Abstract

Ebola virus (EBOV) enters cells from late endosomes/lysosomes under mildly acidic conditions. Entry by fusion with the endosomal membrane requires the fusion loop (FL, residues 507–560) of the EBOV surface glycoprotein to undergo a pH-dependent conformational change. To find the pH trigger for this reaction we mutated multiple conserved histidines and charged and uncharged hydrophilic residues in the FL and measured their activity by liposome fusion and cell entry of virus-like particles. The FL location in the membrane was assessed by NMR using soluble and lipid-bound paramagnetic relaxation agents. While we could not identify a single residue to be alone responsible for pH triggering, we propose that a distributed pH effect over multiple residues induces the conformational change that enhances membrane insertion and triggers the fusion activity of the EBOV FL.

Highlights

  • Ebola virus (EBOV) is an enveloped, negative strand RNA virus that causes severe hemorrhagic fever associated with very high fatality rates [1,2]
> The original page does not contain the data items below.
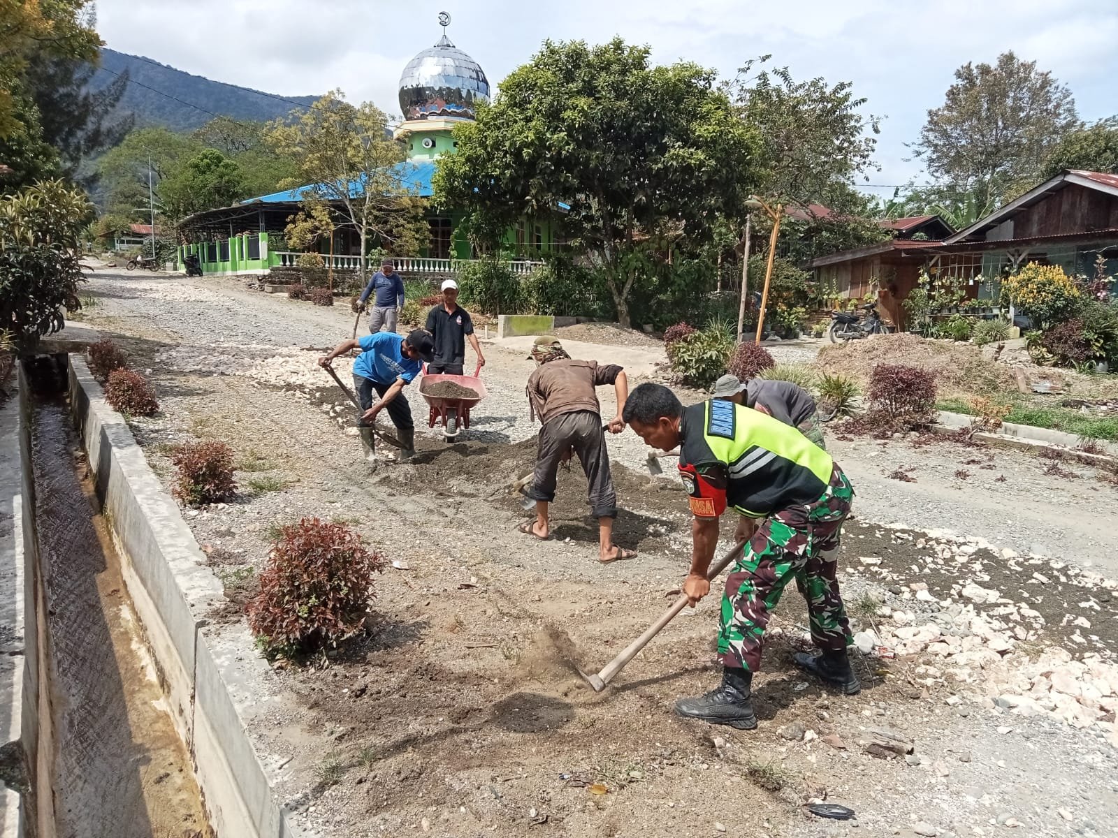 Penimbunan badan jalan, Babinsa mengajak masyarakat untuk melaksanakan gotong royong di Desa Paya Dedep, Kecamatan Jagong Jeget, Kabupaten Aceh Tengah.Rabu,(06/11/2024)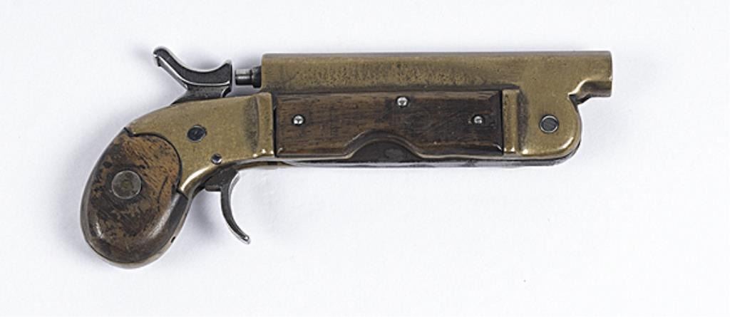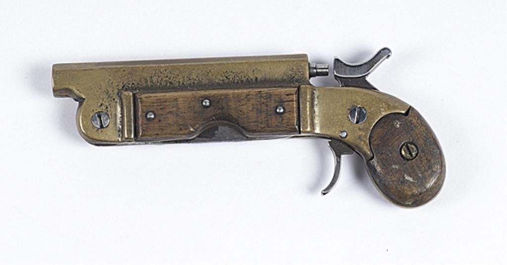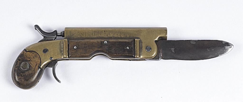 Percussion Pistol With Folding Knife, .31 caliber, 3.5" brass barrel with 3" folding knife blade, walnut grips. Smooth bore. Brass has a warm mellow patina with scattered pitting, grips and knife scales show dents and dings from carry ware.Est:$300-500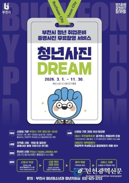 [인천광역신문] 관리자 기자 | 부천시는 청년의 구직활동과 사회진출을 지원하기 위해 자격증 취득과 취업 준비 과정에서 필요한 증명사진 촬영을 지원하는 ‘부천 청년 사진 드림(Dream) 사업’을 추진한다고 13일 밝혔다.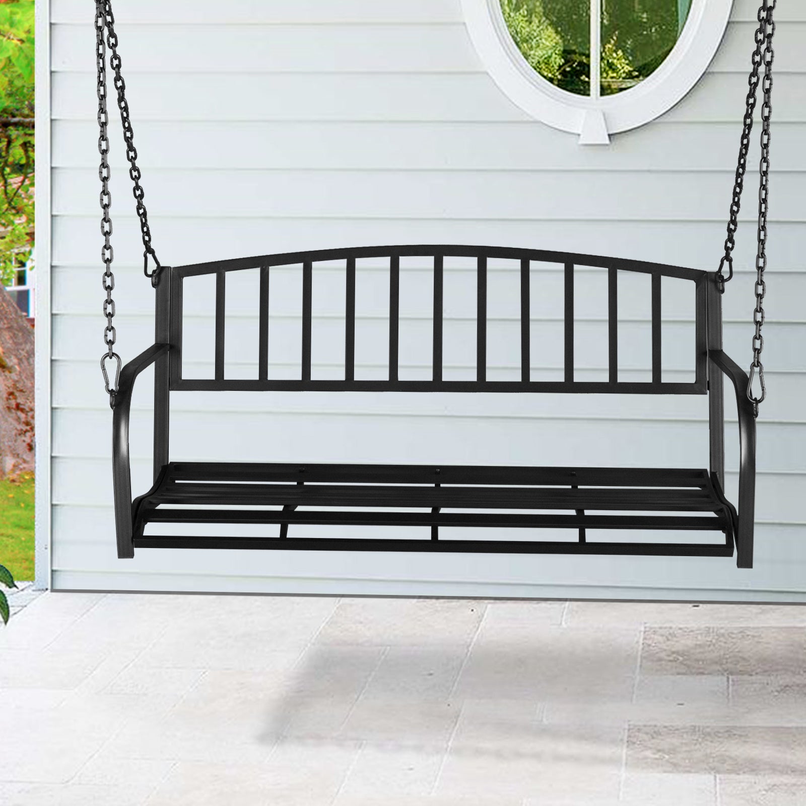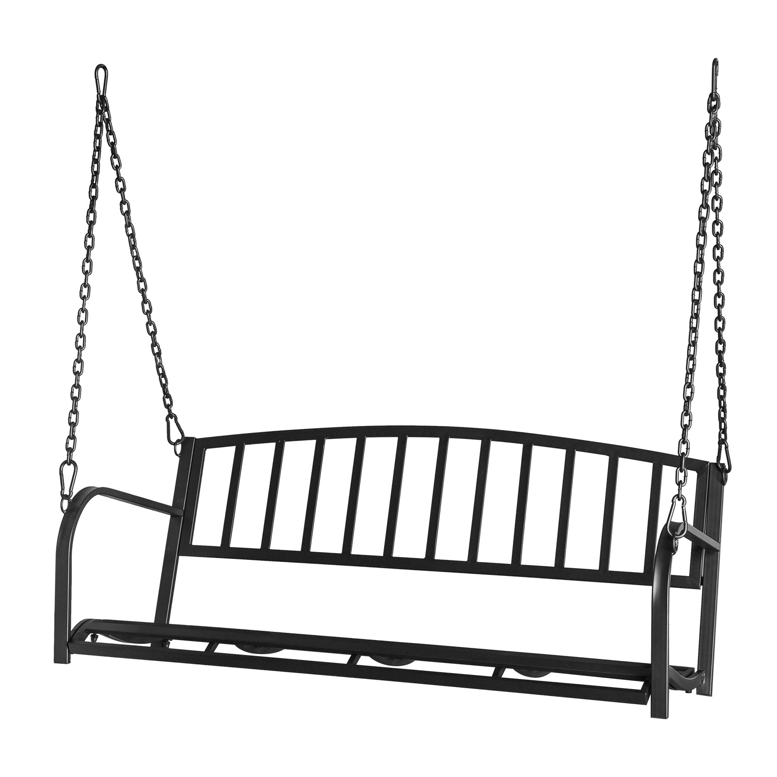 Add classic charm to your outdoor space with this iron swing seat, featuring a vertical bar backrest and a durable chain suspension system.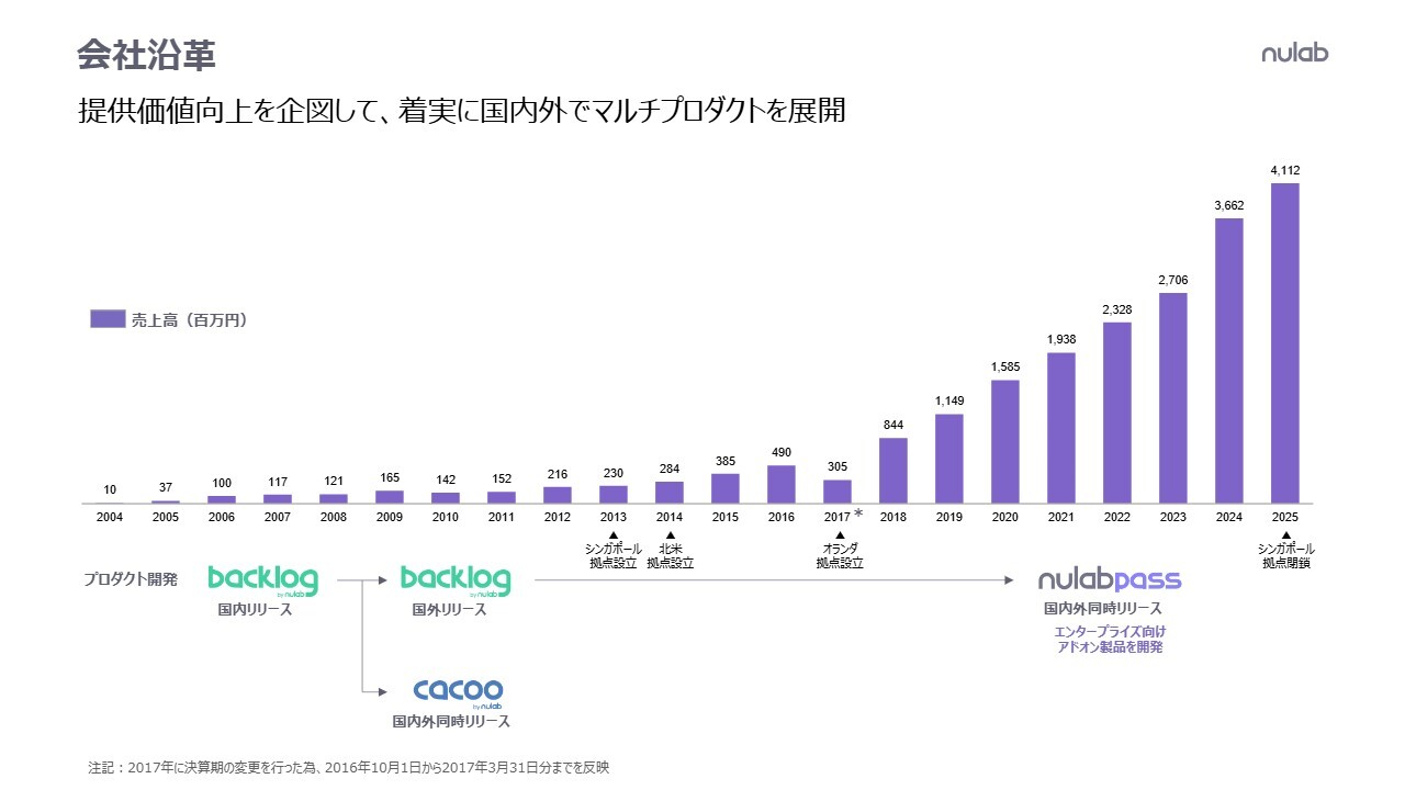 ユーザー数に左右されない料金体系が特徴の「Backlog」をコアプロダクトとして多くの企業や団体に利用していただき、さらに他のヌーラボサービスやオプションを広く活用していただくことで、成長の可能性を秘めています。

  • GP is proposed to undergo a dramatic pH- and possibly Niemann-Pick protein C1 (NPC1)-triggered conformational change that results in the exposure of the hydrophobic disulfide linked fusion loop (FL) in the N-terminal region of the GP subunit 2 (GP2) [14,15,16]

  • Cell pellets containing EBOV FLs were lysed by sonication for 10 min on ice and purification of FLs was performed by following the previous protocol [15]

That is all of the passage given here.